== Segment start ==

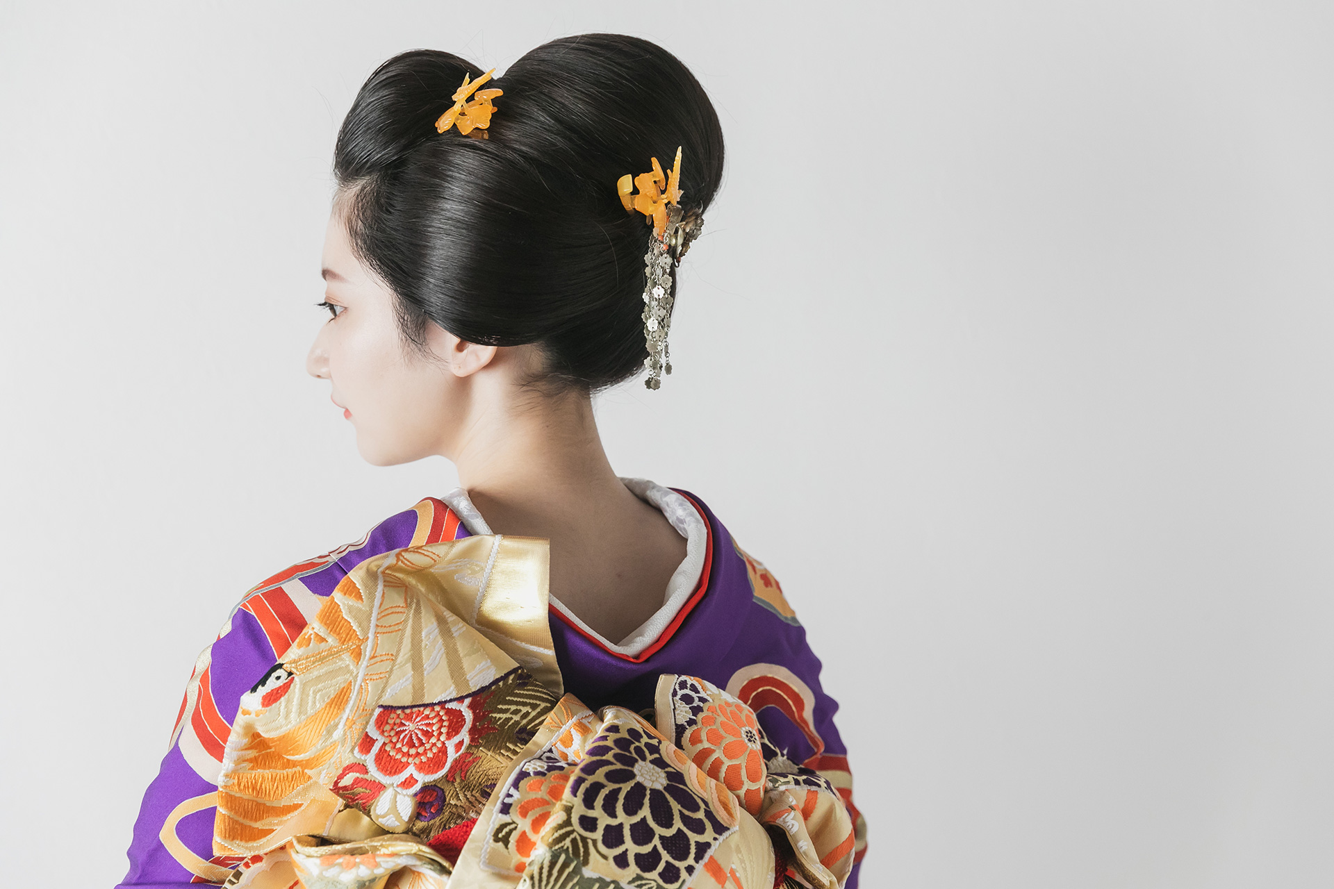 新日本髪のお問い合わせよくいただいたてます! 鎖骨まで髪の長さがあれば地毛結いは可能です(^^) 地毛結いの追加料金もございませんので ご検討の方はこの機会に試してみませんか☆ お衣裳も引き振袖を選んでいただいてもご料金一律です!
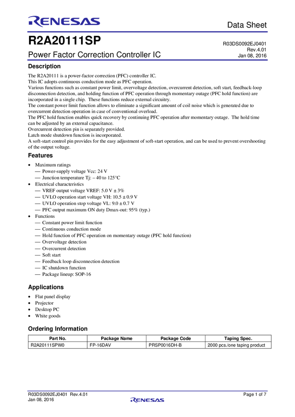 R2A20111SP Power Factor Correction Controller IC
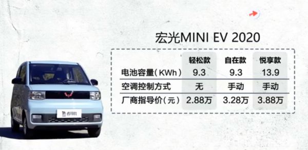 目前宏光MINI EV共有三款车型,分别是2.88万元的轻松款、3.28万元自在款和3.88万元悦享款。而市面上的低速电动车定价大多是在5-8万元之间。
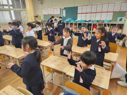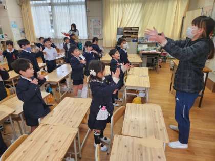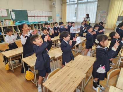 1年生は音楽の時間に「おにのパンツ」の歌を練習していました。
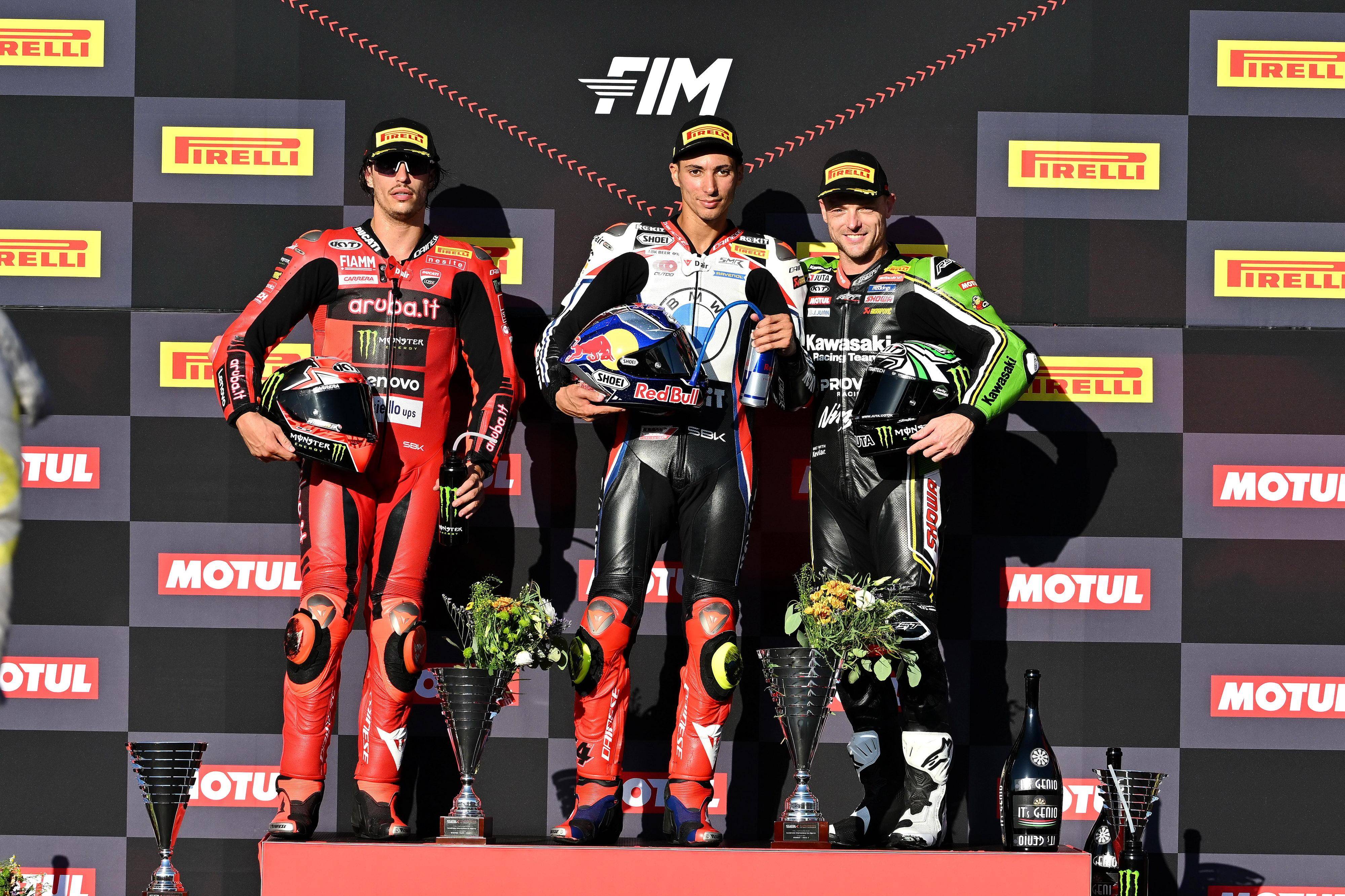 WSBK 級別兩節(jié)比賽的賽程均為 20 圈、折合約 91.8 公里。第一節(jié)的比賽,從第一排起跑的三位車手、上演了一場精彩的角逐,三人互相穿插、并曾各自帶頭,而尾隨在后的另外幾位車手也不甘示弱、步步相逼。最終,到比賽的后段取得領(lǐng)先位置的拉格里奧盧,把優(yōu)勢保持到最后沖線、奪得了冠軍;在下半場比賽開始發(fā)力的捌弟(Alvaro Bautista,巴迪斯塔)落后前車不到 1 秒、奪得了亞軍,緊隨在后的佩魯奇拿到了季軍。
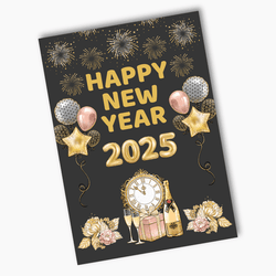 The Design Features a Bold and Beautiful Charcoal Background with Rose Pink and Gold Foil Accents. Festive Clipart Images drawn by NinaNinaCraft feature an Intricate Clock, Balloons, Champagne, and Celebratory Fireworks.
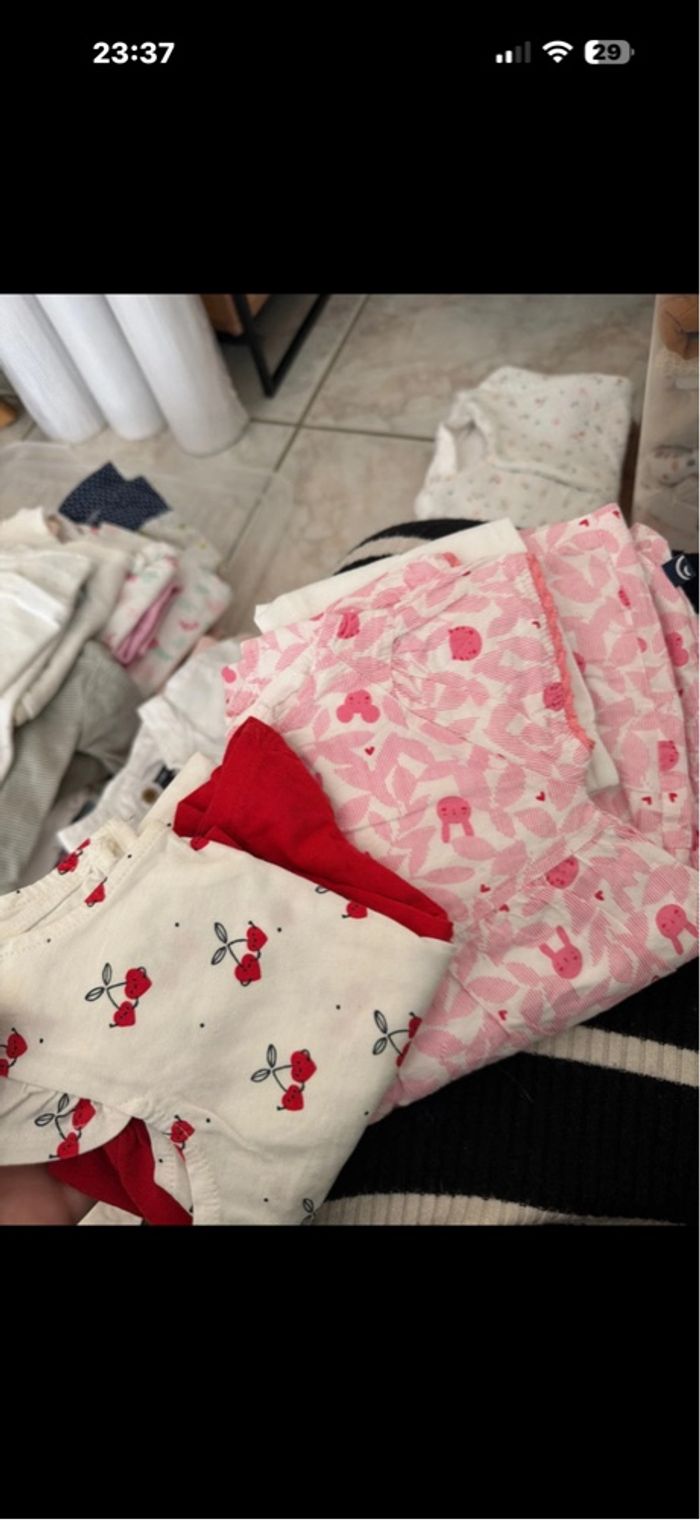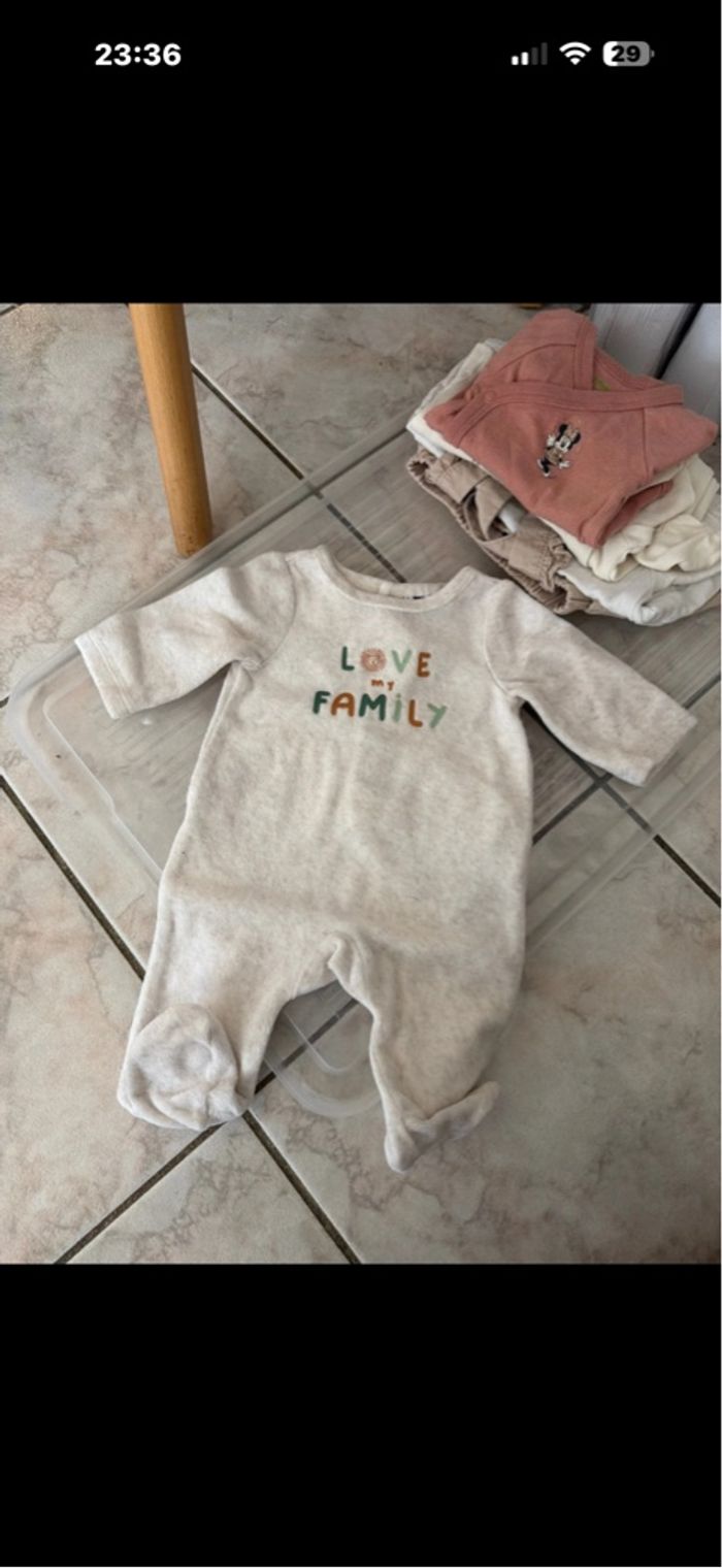 Lot idéal pour premier enfant ou pour les revendeurs. Tout est en excellent état voir neuf pour la plupart. Il y a de tout, ensemble, bodies, pyjama, gilet, bonnet… Il y a 130 vêtements/ accessoires. (Les ensembles où il y a 2/3/4 vêtements je le compte comme 1). De la taille naissance au 6 mois.

== Segment end ==

◆ INSTRUCTIONS FOR THE TASK
While skipping the pictures, transcribe the data above from the line showing "R2A20111SP Power Factor" through the line showing "1年生は音楽の時間に「おにのパンツ」の歌を練習していました。", exactly and with both ends.

◆ OUTPUT BELOW
 R2A20111SP Power Factor Correction Controller IC
 目前宏光MINI EV共有三款车型,分别是2.88万元的轻松款、3.28万元自在款和3.88万元悦享款。而市面上的低速电动车定价大多是在5-8万元之间。
 1年生は音楽の時間に「おにのパンツ」の歌を練習していました。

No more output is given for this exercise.